HTTP method — GET, POST, HEAD, etc.
Expected status code — The response code that counts as healthy (e.g., 200).
Interval — How many seconds between checks.
Latency threshold — The maximum acceptable response time in milliseconds.

See Monitors for full details.

Deploys

A deploy is a record of code that was pushed to an environment. Deploys are sent to BlameTrail via a webhook from your CI/CD pipeline. Each deploy tracks the commit SHA, branch, commit message, who deployed, and the target environment.

When a service is linked to a GitHub repository, BlameTrail automatically enriches deploys with additional metadata — commit messages, pull request titles, and changed files. This context is surfaced during suspect scoring and commit analysis.

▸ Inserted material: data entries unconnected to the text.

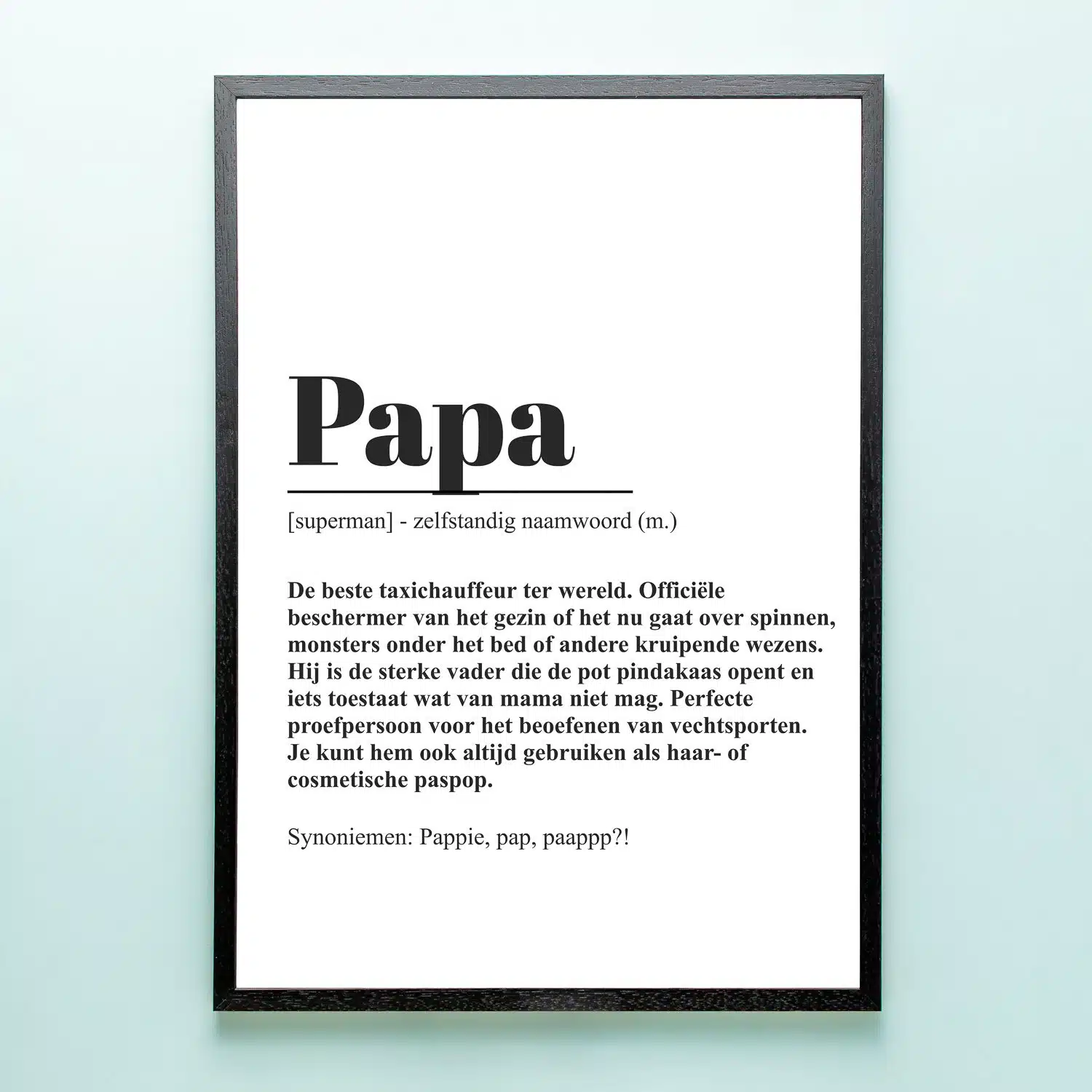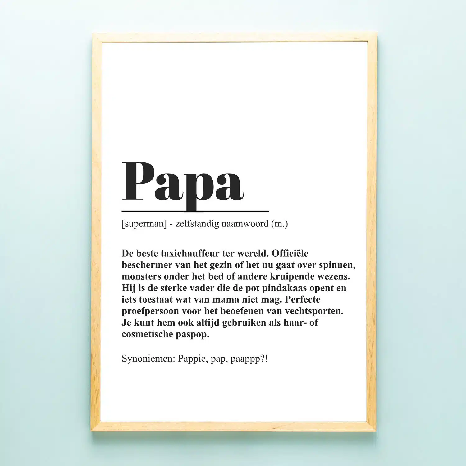 Wat zijn de leukste, beste eigenschappen van je vader? Heb je een speciale bijnaam voor hem? Verras hem met de Gepersonaliseerde poster Woordenboek papa. De poster heeft de uitstraling van een woordenboek. Papa, staat ook wel voor Superman. Hij is de beste taxichauffeur, de sterke man die de pindakaas kan openen en je beschermt tegen spinnen. Deze grappige poster is helemaal aan te passen, dus je kunt er ook een andere tekst op zetten. Geef je pa deze poster voor zijn verjaardag of Vaderdag: hij is er ongetwijfeld blij mee!
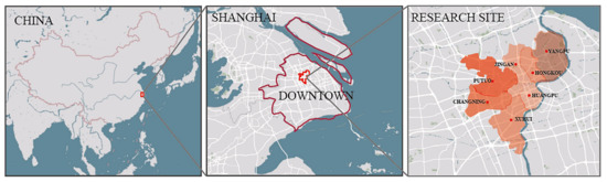 Shanghai is the city with the highest level of urbanization development in China. With the improvement of China’s economic development level and national economic strength, more cities will enter the development stage of Shanghai at this time. Therefore, taking Shanghai as the research site has forward-looking significance. On the other hand, Shanghai has a high degree of urban information construction, with a high degree of information disclosure and easy access to various kinds of information [65,66]. According to the data of Shanghai Statistical Yearbook 2021, Shanghai, the first city entering the aging society in China, has a large population of registered older residents (60 or above years old) of 5,324,100, accounting for 36.08% of the total demographic. The aging problem in downtown Shanghai is even more severe (Huangpu District of 41.7%, Hongkou of 42.5%, Putuo District of 41.1%, Jingan District of 40.1%, Changning District of 39.1%, Yangpu District of 38.8%, and Xuhui District of 35.9%). With the elderly dependency rate increasing year by year, the city has been entering a state of deep aging society [67]. As the population in downtown Shanghai is extremely concentrated, essential service distributions for the highly populated aged community are particularly significant. Therefore, the research scope of this study has focused on the distribution equilibrium of elderly care facilities in the community-life circles in downtown Shanghai. The research site is shown in the Figure 2 below.
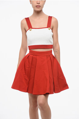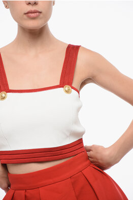 ICON Top Crop in Tinta Unita con Dettagli in Pelle e Logo in Lettering
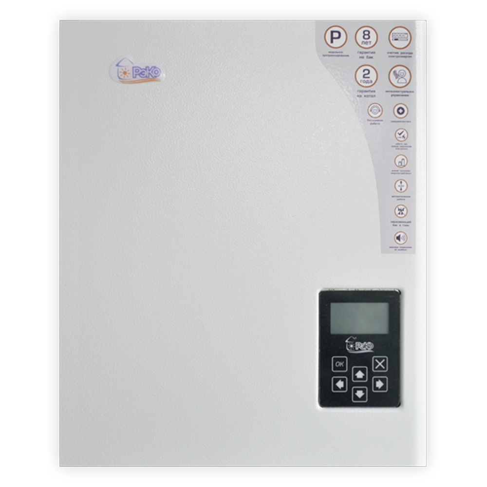 Электрический одноконтурный отопительный котел Российского производства РЭКО от производителя электрокотлов «РусНИТ» предназначенный для создания комфортных условий пребывания в жилых и производственных помещениях.
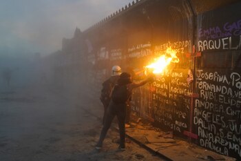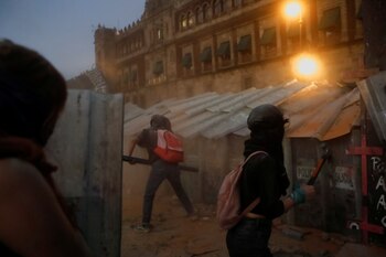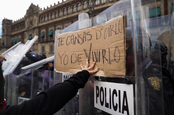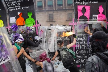 La jornada de protestas de este lunes siguió a las manifestaciones del fin de semana frente al palacio presidencial en Ciudad de México, en las que decenas de mujeres plasmaron los nombres de víctimas de feminicidio en vallas metálicas colocadas alrededor del edificio.
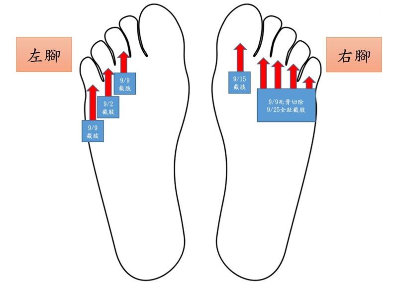 楊姓獸醫歷經3次截肢,最後右腳全趾都被截掉,左腳也有3趾截肢。白廷奕翻攝
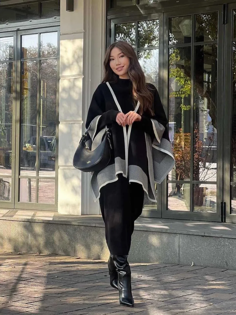 衣都精品- 2023新款高領厚款毛衣寬鬆休閒上衣+長褲兩件式套裝
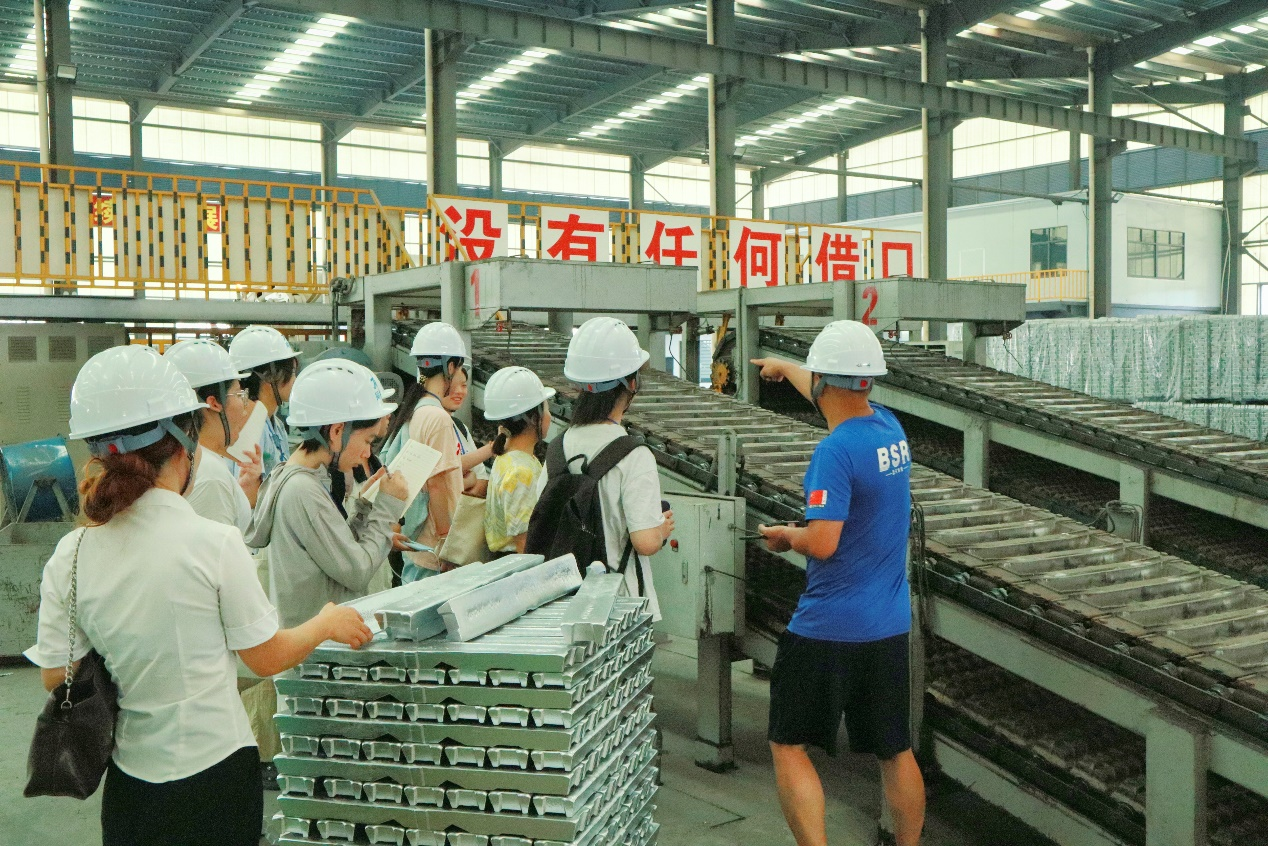 7月10日,yl23411永利“以绿奏清歌,循新创未来”暑期社会实践团到汨罗高新区内的湖南同和新材料有限公司和湖南龙智新材料有限公司两家企业进行实地调研活动。此次活动旨在深入了解园区内企业再生金属的生产流程、技术创新和具体应用,为推进循环经济可持续发展贡献青春力量。
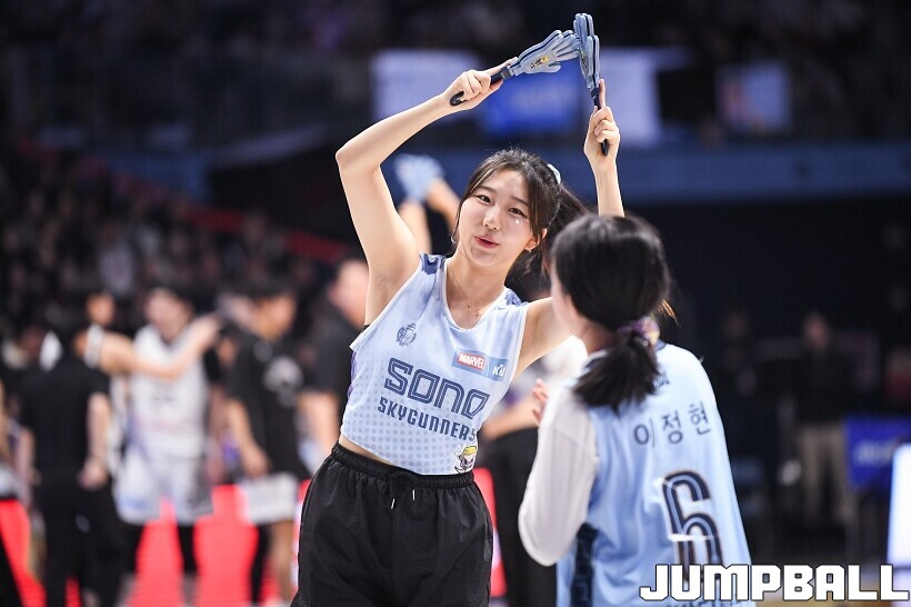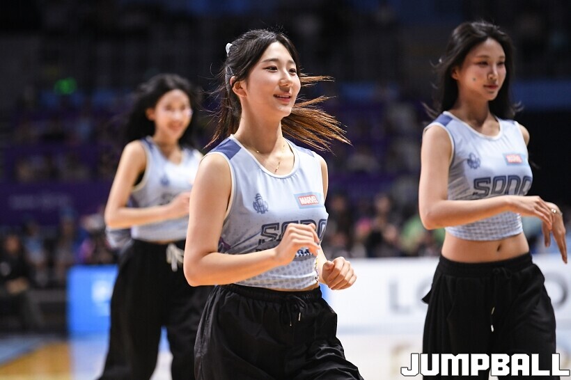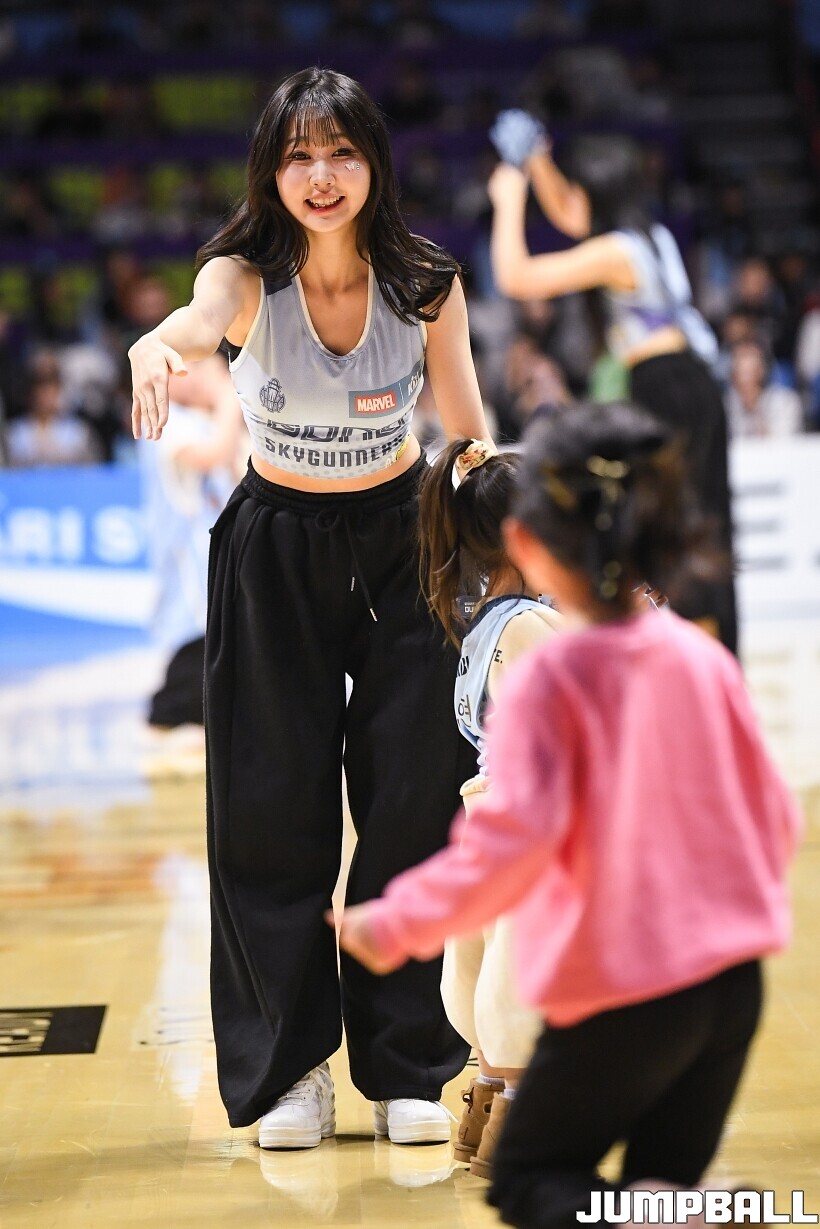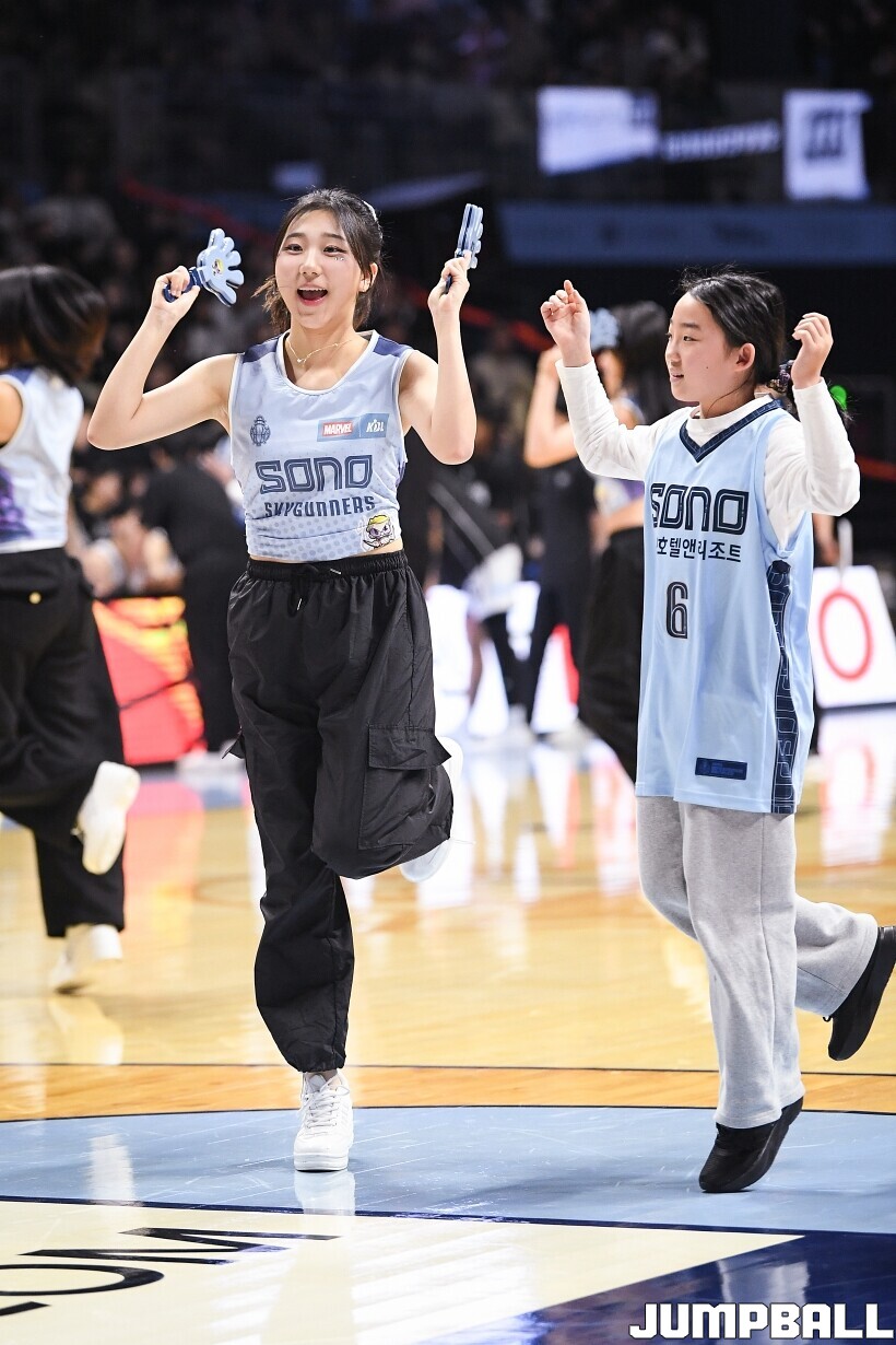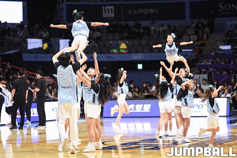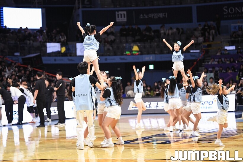 [점프볼=고양/유용우 기자] 3일 고양 소노 아레나에서 열린 2025-2026 LG전자 프로농구 고양 소노와수원 KT의 경기, 소노 치어리더들이 어린이 팬들을 코트로 이끌며 즐거운 응원전을 펼치고 있다.
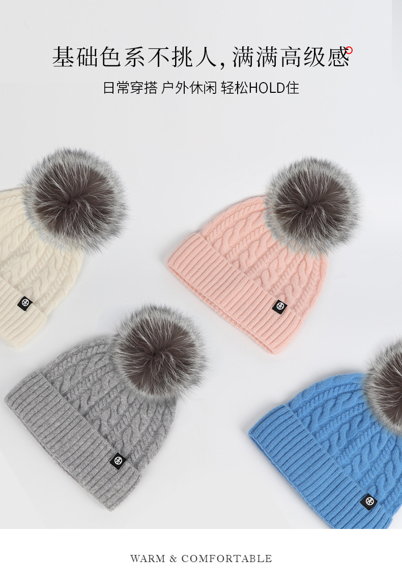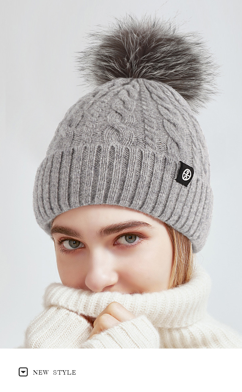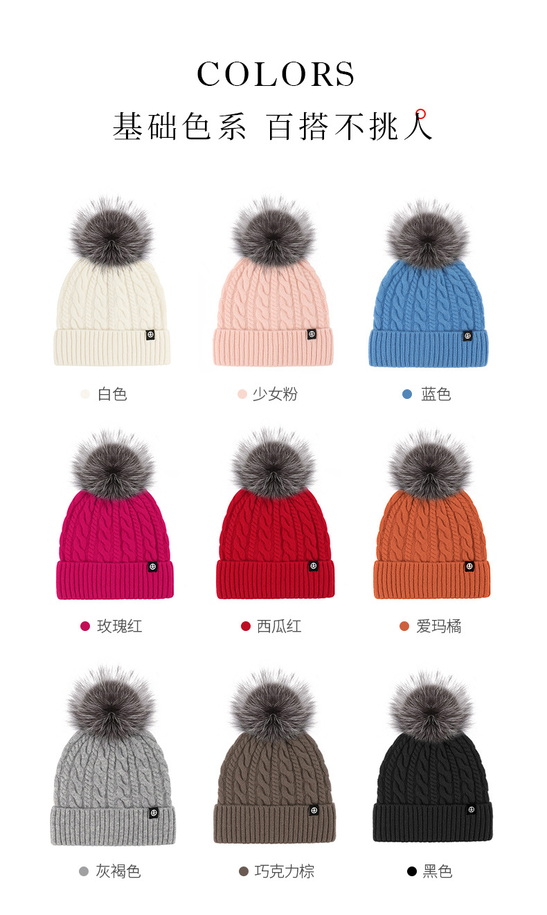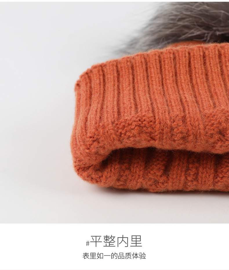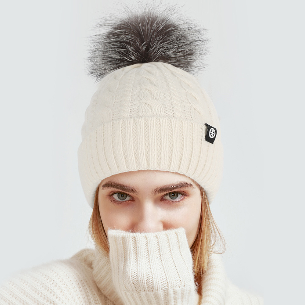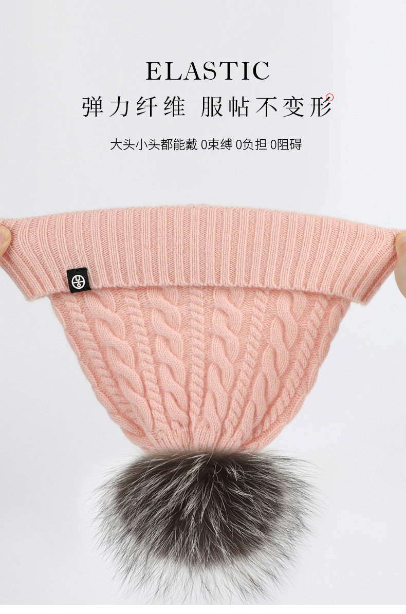 纯羊毛帽子女秋冬季跨境真毛球护耳针织帽户外保暖防风加厚套头帽

See Deploy Tracking for full details.

Incidents

An incident represents an active problem with a service. BlameTrail creates incidents automatically based on monitor check results:

Availability incident — Created after 3 consecutive failed checks.
Latency incident — Created after 3 consecutive responses that exceed the latency threshold.

Incidents auto-resolve when the monitor records 3 consecutive passing checks. You can also create incidents manually and update their status at any time.

See Incidents for full details.

Suspect Deploys

When an incident opens, BlameTrail looks at all deploys to the affected service from the last 60 minutes and ranks them by time proximity to the incident. The most recent deploy before the failure started is the top suspect.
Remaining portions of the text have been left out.